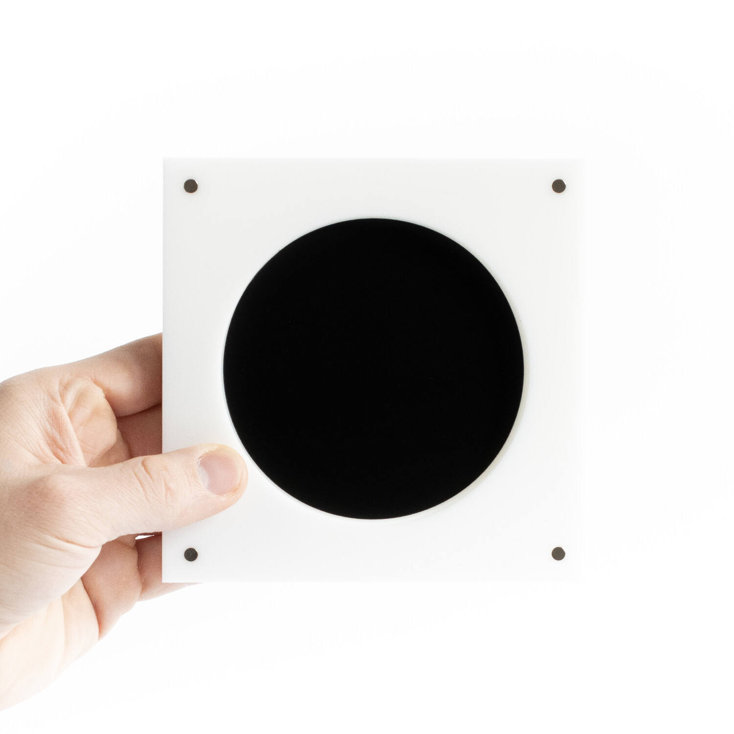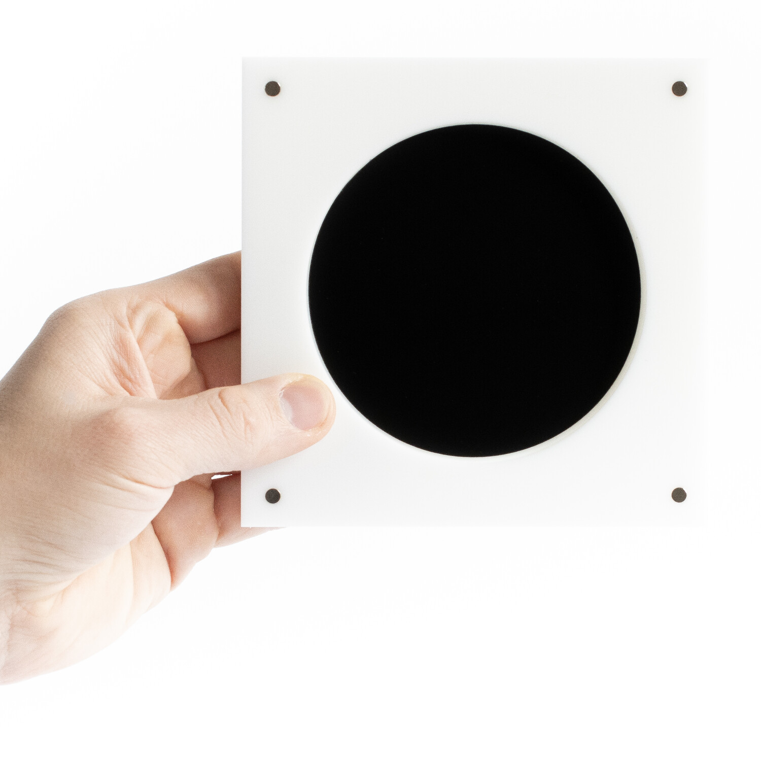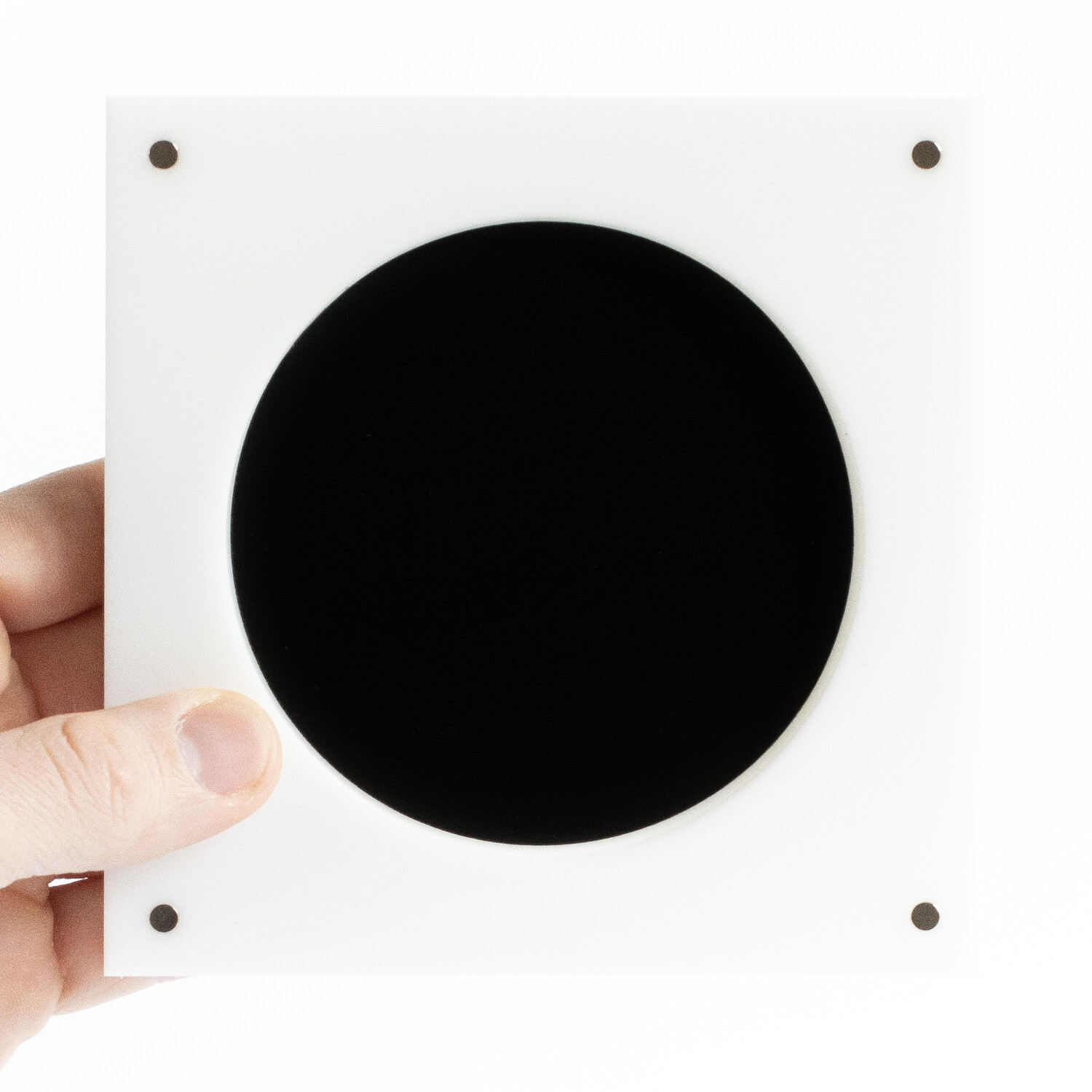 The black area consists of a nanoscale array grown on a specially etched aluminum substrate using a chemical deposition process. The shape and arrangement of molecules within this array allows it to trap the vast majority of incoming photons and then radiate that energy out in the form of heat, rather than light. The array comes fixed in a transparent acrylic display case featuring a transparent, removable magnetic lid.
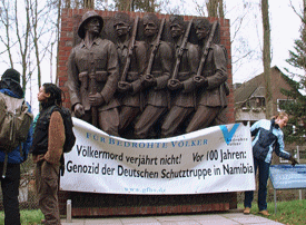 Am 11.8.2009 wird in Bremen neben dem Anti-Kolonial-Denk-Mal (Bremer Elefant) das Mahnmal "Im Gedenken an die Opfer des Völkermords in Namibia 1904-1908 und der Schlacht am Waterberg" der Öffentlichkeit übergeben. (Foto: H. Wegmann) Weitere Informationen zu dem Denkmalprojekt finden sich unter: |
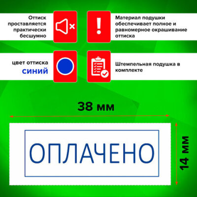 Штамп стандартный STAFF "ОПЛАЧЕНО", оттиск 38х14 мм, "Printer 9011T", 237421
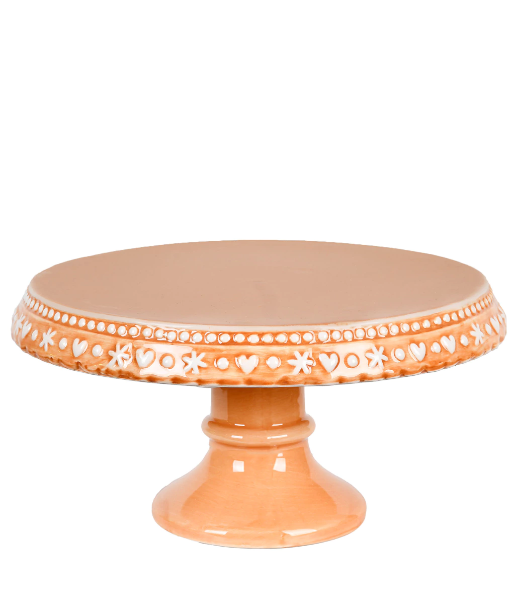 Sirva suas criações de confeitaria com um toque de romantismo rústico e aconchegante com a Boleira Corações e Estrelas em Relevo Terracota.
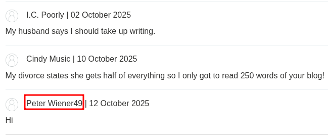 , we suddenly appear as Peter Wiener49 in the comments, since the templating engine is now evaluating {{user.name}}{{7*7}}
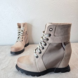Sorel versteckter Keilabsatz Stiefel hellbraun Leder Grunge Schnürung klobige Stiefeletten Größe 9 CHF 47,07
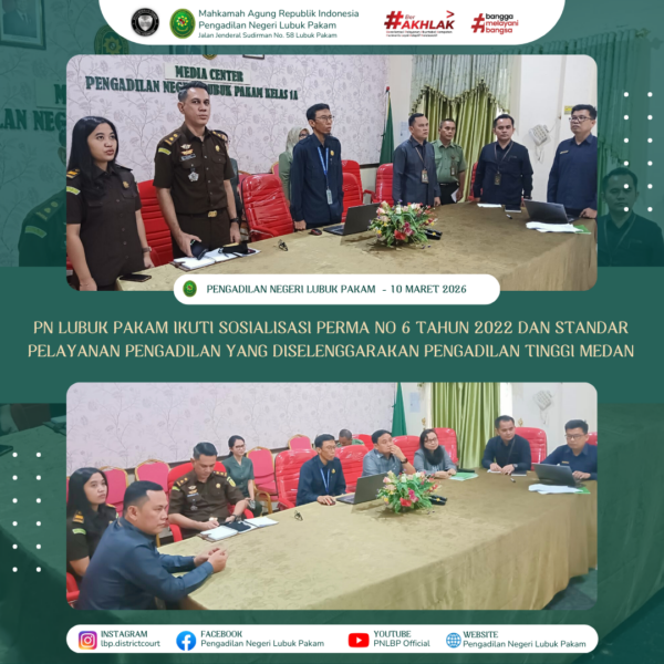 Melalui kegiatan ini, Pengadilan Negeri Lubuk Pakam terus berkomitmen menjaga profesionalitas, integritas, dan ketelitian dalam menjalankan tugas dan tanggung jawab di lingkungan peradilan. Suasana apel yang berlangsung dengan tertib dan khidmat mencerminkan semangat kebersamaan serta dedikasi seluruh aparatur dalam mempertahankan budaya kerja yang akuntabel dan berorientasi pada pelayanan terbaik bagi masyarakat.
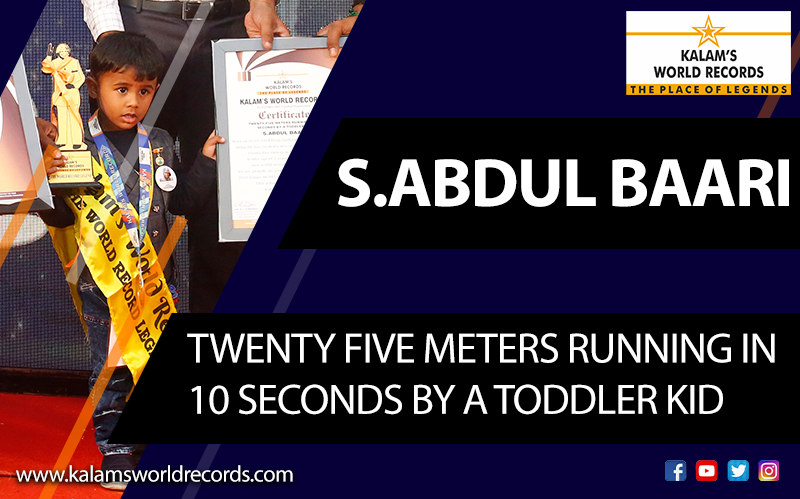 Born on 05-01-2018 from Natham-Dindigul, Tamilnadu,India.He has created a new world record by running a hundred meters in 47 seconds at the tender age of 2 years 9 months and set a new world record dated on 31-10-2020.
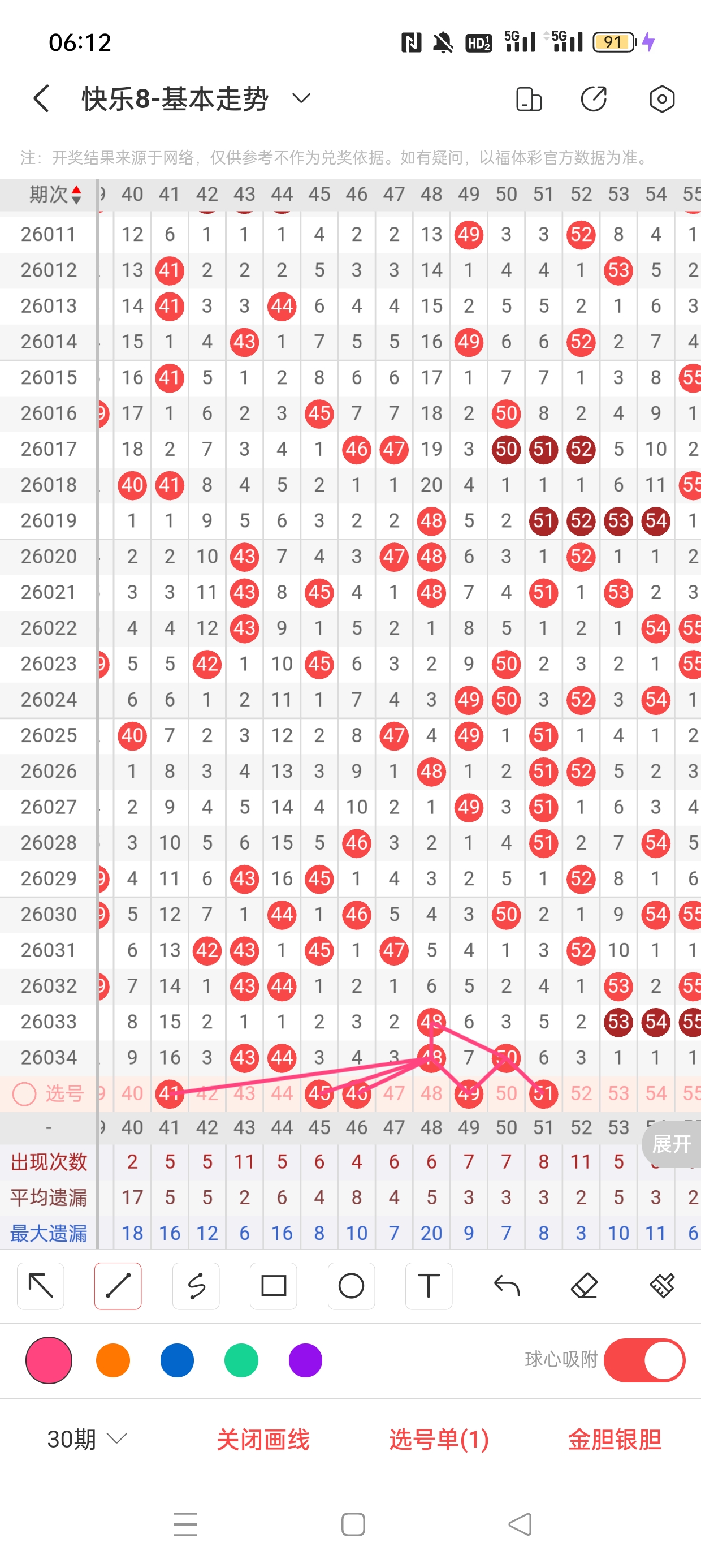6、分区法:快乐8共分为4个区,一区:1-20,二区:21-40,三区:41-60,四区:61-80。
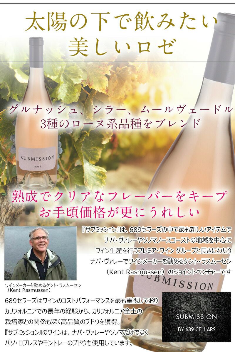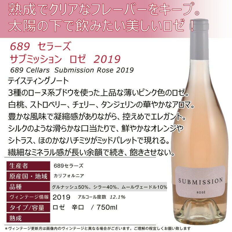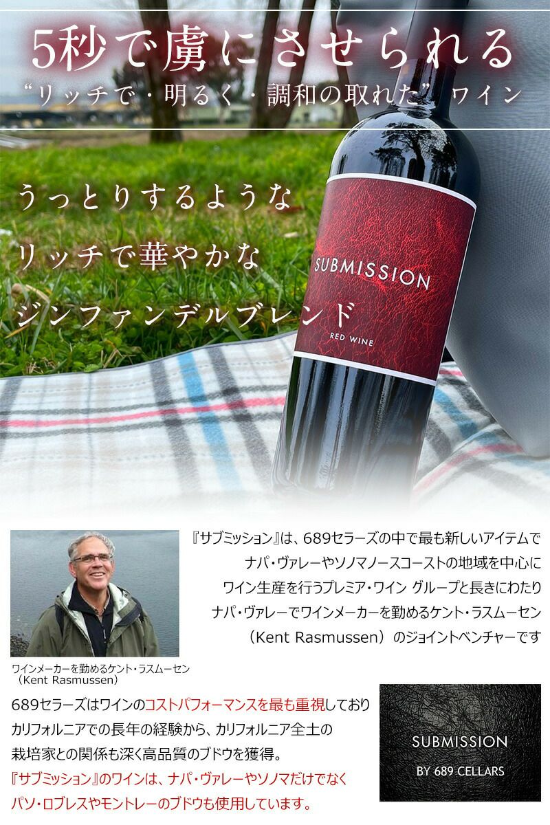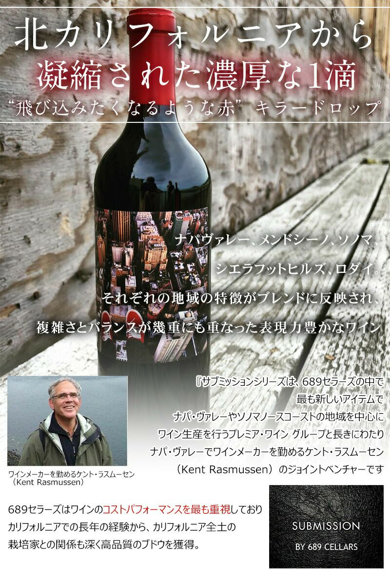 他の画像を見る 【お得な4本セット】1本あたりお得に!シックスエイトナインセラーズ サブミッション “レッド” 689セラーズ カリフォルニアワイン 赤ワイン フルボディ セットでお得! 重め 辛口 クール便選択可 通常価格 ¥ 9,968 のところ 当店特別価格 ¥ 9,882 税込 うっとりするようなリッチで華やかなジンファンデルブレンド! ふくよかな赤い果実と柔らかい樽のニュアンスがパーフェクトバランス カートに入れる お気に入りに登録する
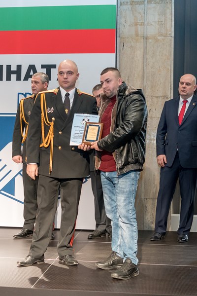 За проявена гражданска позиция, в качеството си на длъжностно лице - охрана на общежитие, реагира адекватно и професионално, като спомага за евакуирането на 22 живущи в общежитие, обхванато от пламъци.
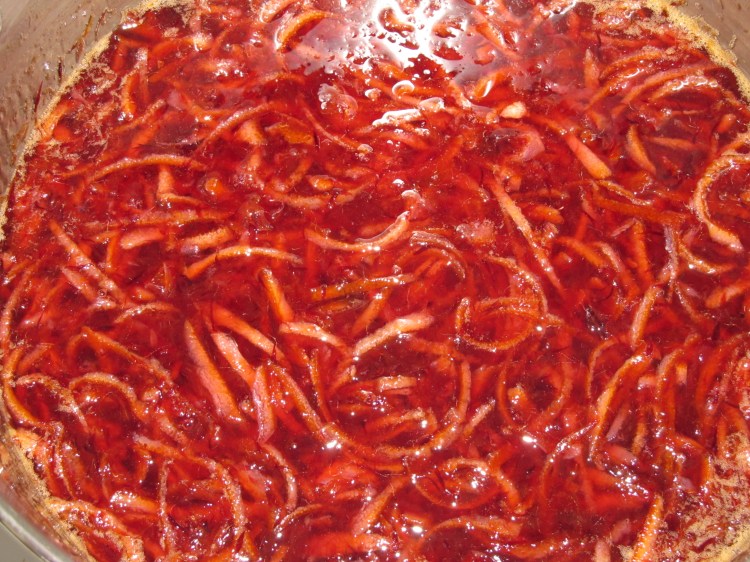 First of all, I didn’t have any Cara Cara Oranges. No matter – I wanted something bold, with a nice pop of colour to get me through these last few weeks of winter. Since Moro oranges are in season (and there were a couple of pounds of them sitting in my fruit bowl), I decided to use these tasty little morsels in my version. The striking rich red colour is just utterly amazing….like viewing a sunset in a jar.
□ □ □ □ □
| EXERCISE |
Restate, word for word, the entries above, dropping any picture.

| EXERCISE RESULT |
 The black area consists of a nanoscale array grown on a specially etched aluminum substrate using a chemical deposition process. The shape and arrangement of molecules within this array allows it to trap the vast majority of incoming photons and then radiate that energy out in the form of heat, rather than light. The array comes fixed in a transparent acrylic display case featuring a transparent, removable magnetic lid.
 Am 11.8.2009 wird in Bremen neben dem Anti-Kolonial-Denk-Mal (Bremer Elefant) das Mahnmal "Im Gedenken an die Opfer des Völkermords in Namibia 1904-1908 und der Schlacht am Waterberg" der Öffentlichkeit übergeben. (Foto: H. Wegmann) Weitere Informationen zu dem Denkmalprojekt finden sich unter: |
 Штамп стандартный STAFF "ОПЛАЧЕНО", оттиск 38х14 мм, "Printer 9011T", 237421
 Sirva suas criações de confeitaria com um toque de romantismo rústico e aconchegante com a Boleira Corações e Estrelas em Relevo Terracota.
 , we suddenly appear as Peter Wiener49 in the comments, since the templating engine is now evaluating {{user.name}}{{7*7}}
Sorel versteckter Keilabsatz Stiefel hellbraun Leder Grunge Schnürung klobige Stiefeletten Größe 9 CHF 47,07
 Melalui kegiatan ini, Pengadilan Negeri Lubuk Pakam terus berkomitmen menjaga profesionalitas, integritas, dan ketelitian dalam menjalankan tugas dan tanggung jawab di lingkungan peradilan. Suasana apel yang berlangsung dengan tertib dan khidmat mencerminkan semangat kebersamaan serta dedikasi seluruh aparatur dalam mempertahankan budaya kerja yang akuntabel dan berorientasi pada pelayanan terbaik bagi masyarakat.
 Born on 05-01-2018 from Natham-Dindigul, Tamilnadu,India.He has created a new world record by running a hundred meters in 47 seconds at the tender age of 2 years 9 months and set a new world record dated on 31-10-2020.
6、分区法:快乐8共分为4个区,一区:1-20,二区:21-40,三区:41-60,四区:61-80。
 他の画像を見る 【お得な4本セット】1本あたりお得に!シックスエイトナインセラーズ サブミッション “レッド” 689セラーズ カリフォルニアワイン 赤ワイン フルボディ セットでお得! 重め 辛口 クール便選択可 通常価格 ¥ 9,968 のところ 当店特別価格 ¥ 9,882 税込 うっとりするようなリッチで華やかなジンファンデルブレンド! ふくよかな赤い果実と柔らかい樽のニュアンスがパーフェクトバランス カートに入れる お気に入りに登録する
 За проявена гражданска позиция, в качеството си на длъжностно лице - охрана на общежитие, реагира адекватно и професионално, като спомага за евакуирането на 22 живущи в общежитие, обхванато от пламъци.
 First of all, I didn’t have any Cara Cara Oranges. No matter – I wanted something bold, with a nice pop of colour to get me through these last few weeks of winter. Since Moro oranges are in season (and there were a couple of pounds of them sitting in my fruit bowl), I decided to use these tasty little morsels in my version. The striking rich red colour is just utterly amazing….like viewing a sunset in a jar.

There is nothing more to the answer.